Thursday, January 10, 2013

Cultivating Souls

Earlier this week, I wrote about a new book Desperate which has really touched my heart. The past month, I have found myself struggling internally between stopping to engage with and enjoy my kids as they explored their new environment, made artwork or played a make believe game, when I really needed to unpack and get our new home set up. Sarah Mae's quote really hit the nail on the head of this internal battle of mine.

"Choosing to enter into the mundane with our children, who see playing ponies as anything but ordinary, is a sacrifice of love. Choosing to enter into a project that will probably turn into a training session is also a sacrifice of love. We will have to choose patience and kindness over frustration and giving up. We’ll have to choose to take time to train and teach and perhaps discipline. The choosing to engage means choosing to do the hard work of loving through our actions.
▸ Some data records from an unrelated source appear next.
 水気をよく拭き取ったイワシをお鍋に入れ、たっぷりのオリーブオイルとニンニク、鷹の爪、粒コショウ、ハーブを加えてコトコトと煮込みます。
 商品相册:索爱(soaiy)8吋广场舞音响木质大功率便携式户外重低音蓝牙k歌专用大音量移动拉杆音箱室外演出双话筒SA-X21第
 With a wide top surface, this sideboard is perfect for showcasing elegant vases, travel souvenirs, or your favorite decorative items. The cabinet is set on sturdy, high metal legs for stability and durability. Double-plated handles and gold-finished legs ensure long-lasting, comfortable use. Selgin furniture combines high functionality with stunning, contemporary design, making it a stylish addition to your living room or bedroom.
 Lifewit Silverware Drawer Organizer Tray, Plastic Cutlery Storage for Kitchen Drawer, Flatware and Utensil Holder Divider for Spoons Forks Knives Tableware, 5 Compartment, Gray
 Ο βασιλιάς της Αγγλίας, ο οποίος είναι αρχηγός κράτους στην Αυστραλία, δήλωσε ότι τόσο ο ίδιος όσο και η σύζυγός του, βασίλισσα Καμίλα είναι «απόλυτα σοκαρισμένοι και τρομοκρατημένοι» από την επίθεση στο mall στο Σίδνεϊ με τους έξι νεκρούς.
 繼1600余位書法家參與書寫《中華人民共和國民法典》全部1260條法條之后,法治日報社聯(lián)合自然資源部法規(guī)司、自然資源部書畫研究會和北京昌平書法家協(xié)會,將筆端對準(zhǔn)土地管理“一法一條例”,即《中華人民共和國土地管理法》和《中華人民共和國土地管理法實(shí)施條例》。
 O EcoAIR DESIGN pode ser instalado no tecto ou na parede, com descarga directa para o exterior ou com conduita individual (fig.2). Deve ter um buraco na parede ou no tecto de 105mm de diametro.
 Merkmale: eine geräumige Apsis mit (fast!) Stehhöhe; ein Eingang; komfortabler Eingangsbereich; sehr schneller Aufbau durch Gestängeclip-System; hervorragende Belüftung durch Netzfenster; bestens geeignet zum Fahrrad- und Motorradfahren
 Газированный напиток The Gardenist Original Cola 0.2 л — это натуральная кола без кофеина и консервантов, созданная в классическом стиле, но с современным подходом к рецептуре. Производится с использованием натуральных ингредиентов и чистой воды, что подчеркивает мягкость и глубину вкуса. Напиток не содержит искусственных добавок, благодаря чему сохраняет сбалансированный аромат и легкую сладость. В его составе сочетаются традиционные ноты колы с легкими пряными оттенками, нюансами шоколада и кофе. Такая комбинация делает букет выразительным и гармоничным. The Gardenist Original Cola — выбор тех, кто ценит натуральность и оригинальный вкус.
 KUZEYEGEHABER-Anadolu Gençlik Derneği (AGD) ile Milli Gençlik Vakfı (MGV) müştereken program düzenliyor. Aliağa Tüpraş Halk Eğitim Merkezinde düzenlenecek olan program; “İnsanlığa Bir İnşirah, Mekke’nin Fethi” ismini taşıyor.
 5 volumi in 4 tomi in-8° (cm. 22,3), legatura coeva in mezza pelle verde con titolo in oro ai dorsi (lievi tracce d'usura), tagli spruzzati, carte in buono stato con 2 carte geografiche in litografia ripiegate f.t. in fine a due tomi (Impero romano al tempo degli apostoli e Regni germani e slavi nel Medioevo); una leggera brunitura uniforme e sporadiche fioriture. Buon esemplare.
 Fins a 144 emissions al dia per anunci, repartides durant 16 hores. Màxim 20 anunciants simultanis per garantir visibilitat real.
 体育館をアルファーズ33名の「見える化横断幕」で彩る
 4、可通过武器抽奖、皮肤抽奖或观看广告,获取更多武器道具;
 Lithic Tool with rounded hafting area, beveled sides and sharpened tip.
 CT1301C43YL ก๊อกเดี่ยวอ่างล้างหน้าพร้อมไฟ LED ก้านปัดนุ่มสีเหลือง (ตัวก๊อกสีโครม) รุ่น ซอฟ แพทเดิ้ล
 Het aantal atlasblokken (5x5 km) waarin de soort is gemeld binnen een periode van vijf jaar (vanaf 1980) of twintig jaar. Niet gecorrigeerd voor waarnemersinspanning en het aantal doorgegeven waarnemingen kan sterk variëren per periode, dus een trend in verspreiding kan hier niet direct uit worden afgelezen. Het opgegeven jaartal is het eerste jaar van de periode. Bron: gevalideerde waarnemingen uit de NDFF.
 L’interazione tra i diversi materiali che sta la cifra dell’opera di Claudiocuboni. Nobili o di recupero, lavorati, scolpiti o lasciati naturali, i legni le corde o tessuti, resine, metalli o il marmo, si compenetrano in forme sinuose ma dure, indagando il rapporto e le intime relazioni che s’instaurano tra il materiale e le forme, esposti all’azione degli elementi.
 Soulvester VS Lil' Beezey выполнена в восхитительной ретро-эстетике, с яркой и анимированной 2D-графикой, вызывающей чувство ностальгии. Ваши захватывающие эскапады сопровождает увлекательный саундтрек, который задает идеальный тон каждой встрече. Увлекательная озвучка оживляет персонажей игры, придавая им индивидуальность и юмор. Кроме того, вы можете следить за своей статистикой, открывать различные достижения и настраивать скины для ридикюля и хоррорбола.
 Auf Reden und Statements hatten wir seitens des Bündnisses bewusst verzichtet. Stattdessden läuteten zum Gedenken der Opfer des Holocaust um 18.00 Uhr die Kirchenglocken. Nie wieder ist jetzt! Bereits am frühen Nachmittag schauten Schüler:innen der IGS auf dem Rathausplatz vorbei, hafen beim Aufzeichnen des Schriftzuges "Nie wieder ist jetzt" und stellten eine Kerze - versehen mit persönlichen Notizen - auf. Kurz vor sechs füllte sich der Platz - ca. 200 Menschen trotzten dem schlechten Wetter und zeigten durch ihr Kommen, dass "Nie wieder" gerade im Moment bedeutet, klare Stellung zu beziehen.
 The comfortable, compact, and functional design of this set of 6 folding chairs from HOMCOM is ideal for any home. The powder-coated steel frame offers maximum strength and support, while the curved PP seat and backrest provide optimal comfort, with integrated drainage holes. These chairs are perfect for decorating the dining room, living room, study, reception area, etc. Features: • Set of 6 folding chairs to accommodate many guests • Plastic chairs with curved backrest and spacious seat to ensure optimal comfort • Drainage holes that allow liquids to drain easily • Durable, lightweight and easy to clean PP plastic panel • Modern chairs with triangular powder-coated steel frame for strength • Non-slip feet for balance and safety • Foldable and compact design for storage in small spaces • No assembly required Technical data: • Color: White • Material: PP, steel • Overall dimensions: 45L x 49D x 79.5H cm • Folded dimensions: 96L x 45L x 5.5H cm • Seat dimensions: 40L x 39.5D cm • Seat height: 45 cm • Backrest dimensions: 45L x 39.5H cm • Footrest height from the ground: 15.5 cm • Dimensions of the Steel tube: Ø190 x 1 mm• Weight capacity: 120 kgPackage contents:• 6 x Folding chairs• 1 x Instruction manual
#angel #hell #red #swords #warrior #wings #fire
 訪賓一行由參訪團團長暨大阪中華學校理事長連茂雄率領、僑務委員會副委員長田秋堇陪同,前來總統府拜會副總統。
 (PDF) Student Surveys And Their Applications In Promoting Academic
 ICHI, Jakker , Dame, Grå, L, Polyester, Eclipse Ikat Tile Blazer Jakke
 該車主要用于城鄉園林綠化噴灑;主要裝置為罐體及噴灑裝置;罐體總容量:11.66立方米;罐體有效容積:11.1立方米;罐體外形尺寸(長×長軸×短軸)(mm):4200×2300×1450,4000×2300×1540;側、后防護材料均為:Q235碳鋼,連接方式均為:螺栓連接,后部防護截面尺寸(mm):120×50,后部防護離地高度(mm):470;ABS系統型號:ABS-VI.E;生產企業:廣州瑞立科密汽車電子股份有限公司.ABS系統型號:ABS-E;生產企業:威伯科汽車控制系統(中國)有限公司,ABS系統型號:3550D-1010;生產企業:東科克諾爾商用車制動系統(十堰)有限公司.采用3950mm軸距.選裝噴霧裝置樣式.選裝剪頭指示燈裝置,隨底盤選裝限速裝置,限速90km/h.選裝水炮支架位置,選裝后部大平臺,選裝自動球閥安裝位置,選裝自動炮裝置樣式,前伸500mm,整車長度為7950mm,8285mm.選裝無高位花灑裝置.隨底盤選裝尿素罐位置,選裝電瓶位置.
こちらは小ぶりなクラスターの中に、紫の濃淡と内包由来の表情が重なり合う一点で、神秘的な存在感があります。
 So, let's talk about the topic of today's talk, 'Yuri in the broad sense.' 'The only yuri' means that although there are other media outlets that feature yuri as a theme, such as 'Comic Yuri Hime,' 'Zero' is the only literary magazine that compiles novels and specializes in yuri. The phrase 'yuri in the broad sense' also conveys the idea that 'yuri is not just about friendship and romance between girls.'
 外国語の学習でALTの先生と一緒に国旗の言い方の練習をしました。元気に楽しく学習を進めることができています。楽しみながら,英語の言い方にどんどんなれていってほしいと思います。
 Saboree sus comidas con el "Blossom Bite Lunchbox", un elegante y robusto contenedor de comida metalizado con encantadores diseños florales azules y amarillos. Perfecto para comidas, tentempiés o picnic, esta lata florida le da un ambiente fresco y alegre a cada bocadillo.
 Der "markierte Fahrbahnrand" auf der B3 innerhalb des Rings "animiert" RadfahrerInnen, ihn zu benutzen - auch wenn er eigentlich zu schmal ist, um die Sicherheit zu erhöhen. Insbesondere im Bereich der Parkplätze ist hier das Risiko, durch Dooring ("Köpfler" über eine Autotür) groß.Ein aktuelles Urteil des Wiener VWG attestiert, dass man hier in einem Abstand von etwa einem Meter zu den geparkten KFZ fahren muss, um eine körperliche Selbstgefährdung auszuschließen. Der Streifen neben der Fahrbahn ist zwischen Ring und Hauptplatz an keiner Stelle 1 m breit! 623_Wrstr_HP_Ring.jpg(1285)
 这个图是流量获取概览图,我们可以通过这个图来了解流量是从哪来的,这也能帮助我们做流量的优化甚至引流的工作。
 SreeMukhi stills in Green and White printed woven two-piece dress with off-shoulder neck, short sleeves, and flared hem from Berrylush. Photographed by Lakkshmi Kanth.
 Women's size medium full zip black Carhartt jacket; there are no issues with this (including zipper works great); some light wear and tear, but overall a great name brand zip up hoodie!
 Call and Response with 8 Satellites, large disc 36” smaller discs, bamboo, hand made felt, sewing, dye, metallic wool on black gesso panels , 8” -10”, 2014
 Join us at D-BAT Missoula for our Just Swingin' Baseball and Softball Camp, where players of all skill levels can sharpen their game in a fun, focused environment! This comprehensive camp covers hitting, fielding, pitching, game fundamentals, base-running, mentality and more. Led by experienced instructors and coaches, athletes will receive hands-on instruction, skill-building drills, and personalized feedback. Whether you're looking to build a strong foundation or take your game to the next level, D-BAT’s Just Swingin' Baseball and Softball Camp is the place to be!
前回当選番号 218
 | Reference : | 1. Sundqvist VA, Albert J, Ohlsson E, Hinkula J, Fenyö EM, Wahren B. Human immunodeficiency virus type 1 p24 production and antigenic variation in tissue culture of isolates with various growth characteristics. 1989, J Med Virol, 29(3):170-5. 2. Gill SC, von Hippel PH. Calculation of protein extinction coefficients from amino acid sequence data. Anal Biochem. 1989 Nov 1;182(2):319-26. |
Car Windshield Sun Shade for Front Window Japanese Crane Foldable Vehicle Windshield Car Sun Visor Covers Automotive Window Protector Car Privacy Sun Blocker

It means taking the time to cultivate the souls of our children. Cultivating has much to do with playing ponies, doing crafts, getting wet socks in the snow, watching a movie when you have something else you want to do, staying in their bedrooms a little longer even though you’re exhausted . . . I believe these acts of love and sacrifice pay off in a child’s heart. Because it shows them we care, and we want to be a part of their worlds. I think it also shows them the Father’s love."

My goal is to harvest a memorable and meaningful life for our family. In order to reap that harvest, I need to embrace those moments for interaction and training as they become available regardless of the "work" at hand. While stopping what I am doing to play a matching game or color is not always possible, I need to be acutely aware that these opportunities are exactly how God wants me to earn their hearts and to train their souls for Him.

A clean, organized home is important but not more so than a confident, loved, listened to child.

Do you struggle with the decision to get things done or stop and engage with your child when you hear "Mommy will you play with me?"